Arbitrators Powers
I am grateful for, but humbled by, Francis Miller’s recollections of my interventions during the consultation process leading up to the Arbitration Bill and, earlier, at the King’s College Consultative Conference in July 1995.
Whilst Francis’ memories are correct, I feel that it would be helpful to your contributors and readers if I explain the reason for my endeavours to influence the outcome of the consideration of arbitration reform (which had been the subject of my Chairman’s address in June 1998 1 and the subsequent executive survey conducted by the Chartered Institute which was so ably analysed and annotated by Francis Miller) and to influence the drafting and amendment of the clauses of the Arbitration Bill and, subsequently, sections of the Act. Indeed, Francis and I were (almost) the only practising arbitrators who regularly attended debates in both Houses of Parliament over the Bill.
My submissions were based upon three personal convictions:
1. That arbitration is a friendly and near-perfect process;
2. That party autonomy is exercised by the selection of the mode of settlement before any dispute has arisen; and
3. In order to bring out ‘the just, speedy and cost-effective resolution of disputes by arbitration’ the arbitrator, after consultation with the parties, must have adequate powers to order that the proceedings shall be conducted in a manner most appropriate to the issues in dispute.
I persisted in my endeavours to achieve adequate powers for an arbitrator because my long experience had taught me that the arbitration process can be high-jacked or frustrated by the parties and/or their advisors to the dismay of the arbitrator. (It is no good blaming an arbitrator for delay or to allege incompetence if he/she does not have the power to control the proceedings.)

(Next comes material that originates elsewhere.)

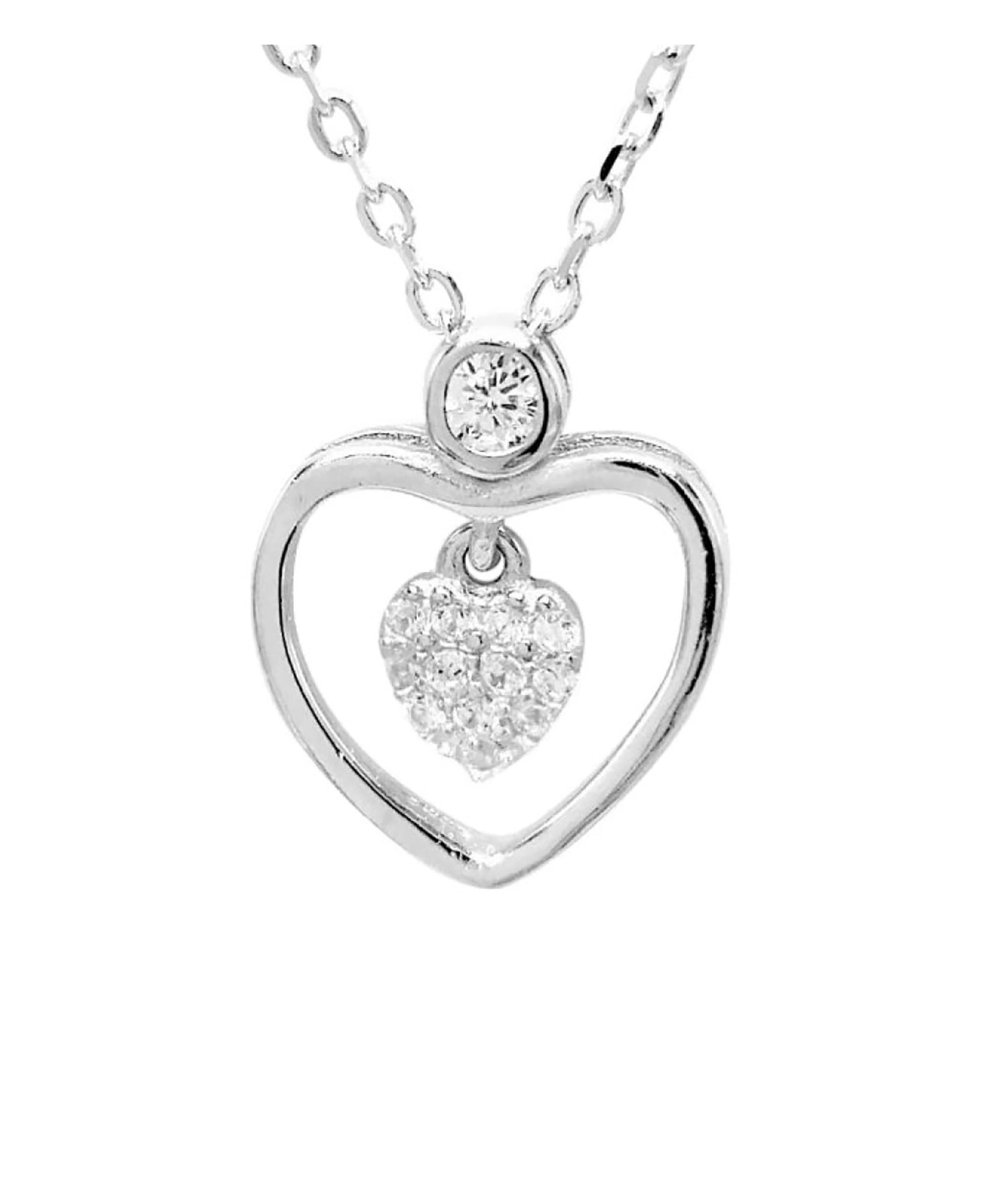 COLLIER EN ARGENT AVEC PENDENTIF COEUR ET PIERRES

Although the amendment to Clause 34 of the Arbitration Bill transposed the wording over the responsibility for making decisions on procedure by referring firstly to the tribunal as a ‘sop’ to my representations), the real power still rests with the parties. That is the reality, but some parties and those, who for the diverse reasons or ignorance, criticise the tribunal ought to understand that the powers of an arbitrator to act in an efficient and speedy manner are impeded by statute.
Geoffrey King
1
Arbitration (the Journal of the Chartered Institute of Arbitrators) Vol. 54, N° 4, November 1988, page 231.Geoffrey emigrated to Perth, Australia in July and would like to thank all colleagues and friends in the South East Branch and throughout the Chartered Institute, both at home and overseas, for friendships, courtesies and kindness over the past thirty years.